WORK TO COMPLETE >> Give back the records that follow exactly, images excluded.

(Stored dataset items)

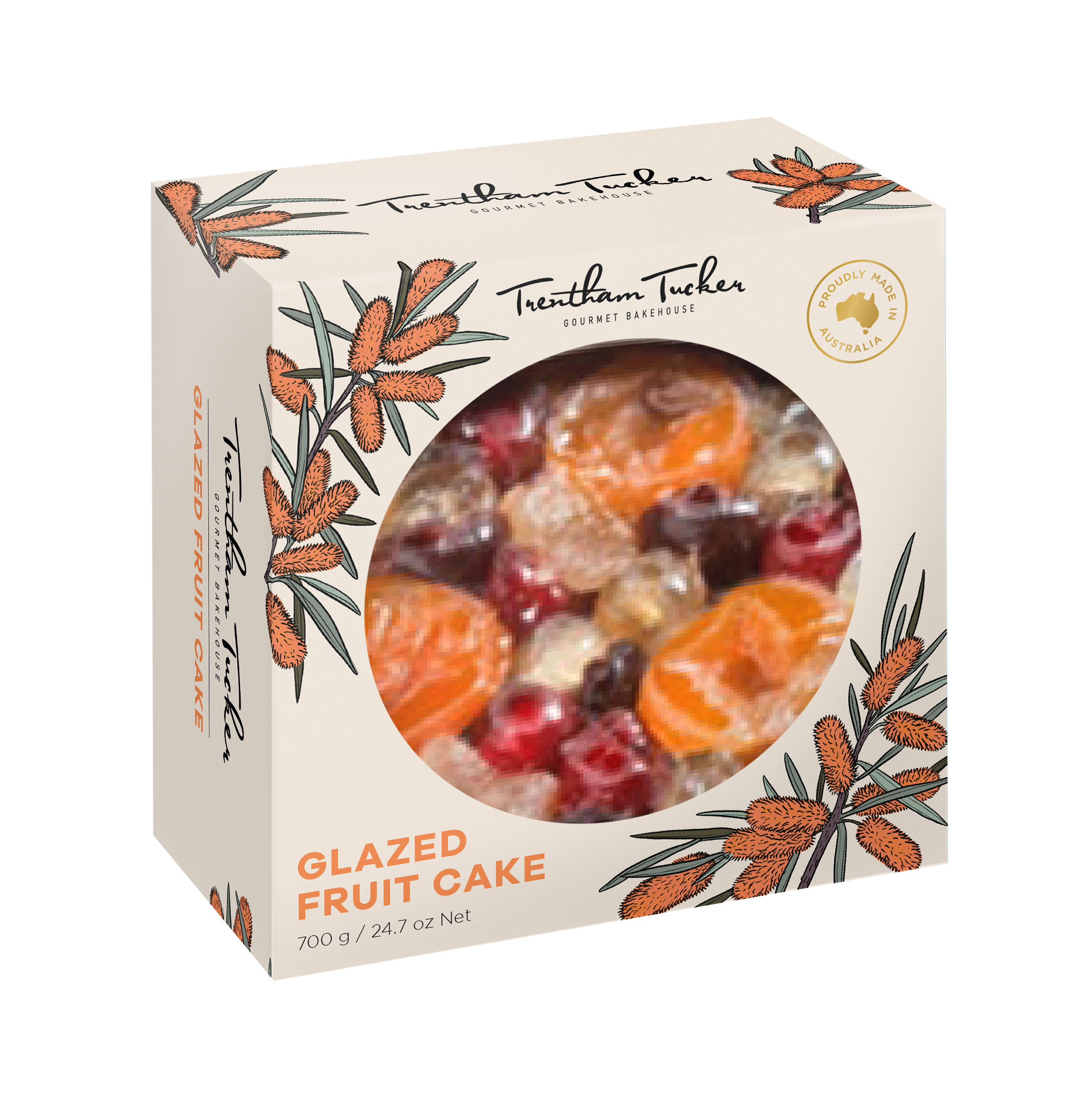 Mixed Fruits (60%) [Sultanas, Pineapple Glace, Apricots Glace, Raisins, Orange & Lemon Peel, Red, Black & Yellow Glace Cherries, Currants, Sunflower Oil, Sucrose, Glucose-Fructose Syrup, Preservatives (202,220,223), Acidity Regulators (330, 500), Rice Flour, Natural Colours (120, 163), Mineral Salts (509,339)], Wheat Flour [Vitamins (Thiamin, Folate)], Sugar, Egg, Tree Nuts (4%) (Pecan , Walnuts), Butter, (Milk), Glazing Agent [Sucrose, Glucose, Water, Vegetable Gums (407,415,406), Acidity Regulators (332,330), Flavour, Preservative (200)], Sherry, Brandy, Natural Colour (150a), Raising Agents [(170,450,500), Wheat Starch], Humectant (422), Iodised Salt, Preservative (202).
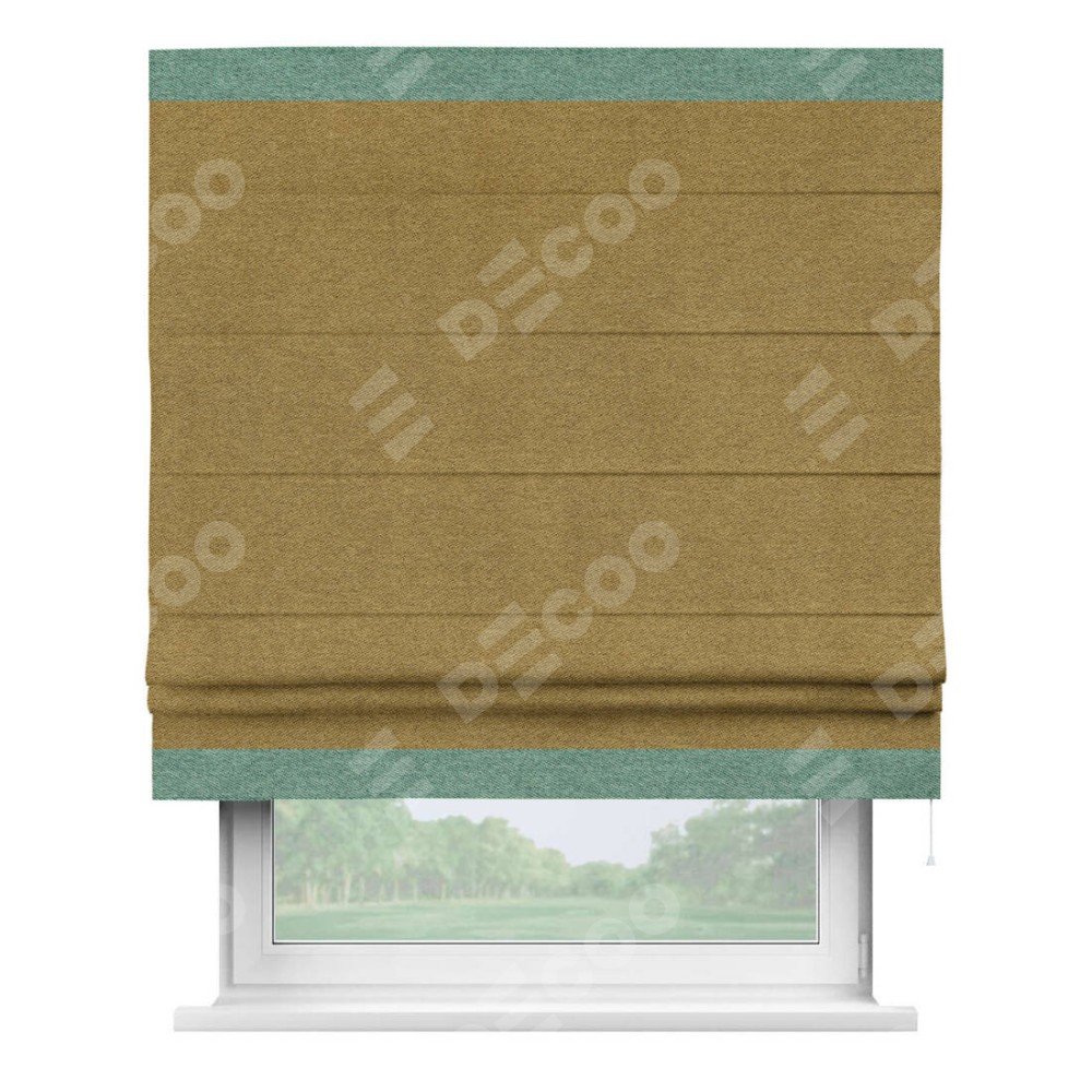 Римская штора производителя «Cortin», используется для проёма, пошита из ткани твид блэкаут горчица, артикул 91237. Отделка шторы кантом «Горизонт», ткань для канта используется из твида разной расцветки на выбор. Имеет универсальный механизм и подходит для монтажа: на потолок, на стену и в нишу.
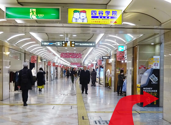 大学受験予備校、四谷学院なんば校は難波の中心街にあります。建物の目の前になんばウォーク(地下街)の出入口があり、地下鉄・南海・近鉄・JRの各駅とつながっていますので、天候が悪い日も通塾に便利です。受付は1階にありますので、相談会に参加される方はまずこちらの受付までお越しください。
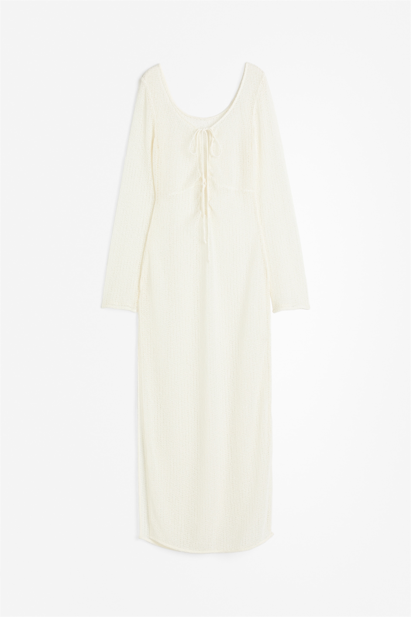 Длинное приталенное пляжное платье из плотного трикотажа с глубоким круглым вырезом и открытыми разрезами спереди с завязывающимся сзади на шее шнурком. Длинные рукава и прямой подол с высоким разрезом с одной стороны. Без подкладки.
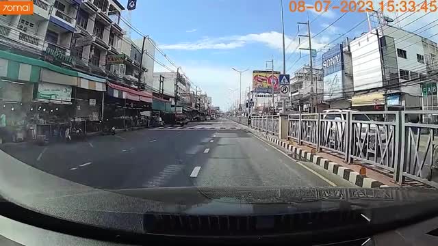 Dashcam footage shows the blue vehicle avoiding hitting the truck on its side before slamming into the structure and smaller cars in Chonburi province, Thailand on July 8. 2023-07-26 21:47:39
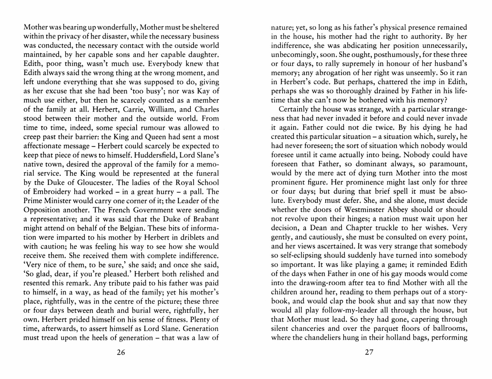 When the great statesman Lord Slane dies, everyone assumes his dutiful wife will slowly fade away, the paying guest of each of her six children. But Lady Slane surprises everyone by escaping to a rented house in Hampstead where she revels in her new freedom, revives youthful ambitions and gathers some very unsuitable companions. Irreverent, entertaining and insightful, this is a tale of the unexpected joys of growing older.
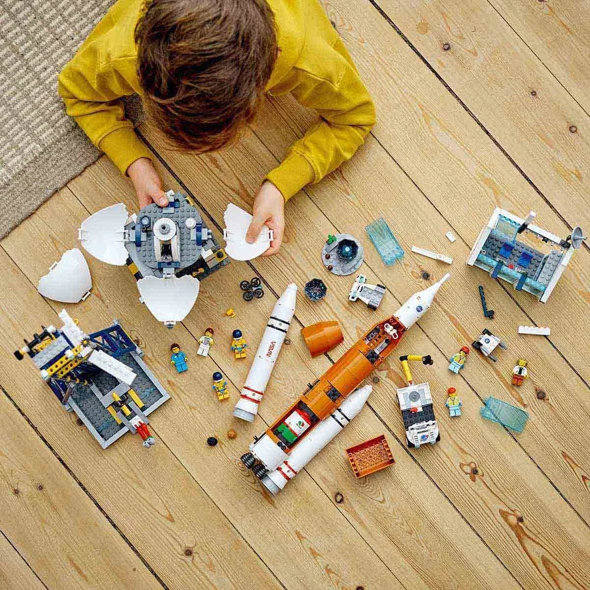 • LEGO City uzay temalı oyun seti; LEGO City Roket Fırlatma Merkezi oyun seti, yaratıcı uzay oyunları için NASA’dan esinlenen çeşitli oyuncaklar içerir.
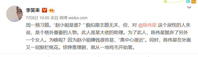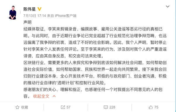 7月13日,陈伟星发表声明,称停止针对李笑来个人发表任何评论,将交由司法处理。尽管如此,一直到10月3日,陈伟星在日常更博的同时,依旧有暗怼李笑来之意,将李称呼为“李首骗”。

EXERCISE RESPONSE >>
 Mixed Fruits (60%) [Sultanas, Pineapple Glace, Apricots Glace, Raisins, Orange & Lemon Peel, Red, Black & Yellow Glace Cherries, Currants, Sunflower Oil, Sucrose, Glucose-Fructose Syrup, Preservatives (202,220,223), Acidity Regulators (330, 500), Rice Flour, Natural Colours (120, 163), Mineral Salts (509,339)], Wheat Flour [Vitamins (Thiamin, Folate)], Sugar, Egg, Tree Nuts (4%) (Pecan , Walnuts), Butter, (Milk), Glazing Agent [Sucrose, Glucose, Water, Vegetable Gums (407,415,406), Acidity Regulators (332,330), Flavour, Preservative (200)], Sherry, Brandy, Natural Colour (150a), Raising Agents [(170,450,500), Wheat Starch], Humectant (422), Iodised Salt, Preservative (202).
 Римская штора производителя «Cortin», используется для проёма, пошита из ткани твид блэкаут горчица, артикул 91237. Отделка шторы кантом «Горизонт», ткань для канта используется из твида разной расцветки на выбор. Имеет универсальный механизм и подходит для монтажа: на потолок, на стену и в нишу.
 大学受験予備校、四谷学院なんば校は難波の中心街にあります。建物の目の前になんばウォーク(地下街)の出入口があり、地下鉄・南海・近鉄・JRの各駅とつながっていますので、天候が悪い日も通塾に便利です。受付は1階にありますので、相談会に参加される方はまずこちらの受付までお越しください。
 Длинное приталенное пляжное платье из плотного трикотажа с глубоким круглым вырезом и открытыми разрезами спереди с завязывающимся сзади на шее шнурком. Длинные рукава и прямой подол с высоким разрезом с одной стороны. Без подкладки.
 Dashcam footage shows the blue vehicle avoiding hitting the truck on its side before slamming into the structure and smaller cars in Chonburi province, Thailand on July 8. 2023-07-26 21:47:39
 When the great statesman Lord Slane dies, everyone assumes his dutiful wife will slowly fade away, the paying guest of each of her six children. But Lady Slane surprises everyone by escaping to a rented house in Hampstead where she revels in her new freedom, revives youthful ambitions and gathers some very unsuitable companions. Irreverent, entertaining and insightful, this is a tale of the unexpected joys of growing older.
 • LEGO City uzay temalı oyun seti; LEGO City Roket Fırlatma Merkezi oyun seti, yaratıcı uzay oyunları için NASA’dan esinlenen çeşitli oyuncaklar içerir.
 7月13日,陈伟星发表声明,称停止针对李笑来个人发表任何评论,将交由司法处理。尽管如此,一直到10月3日,陈伟星在日常更博的同时,依旧有暗怼李笑来之意,将李称呼为“李首骗”。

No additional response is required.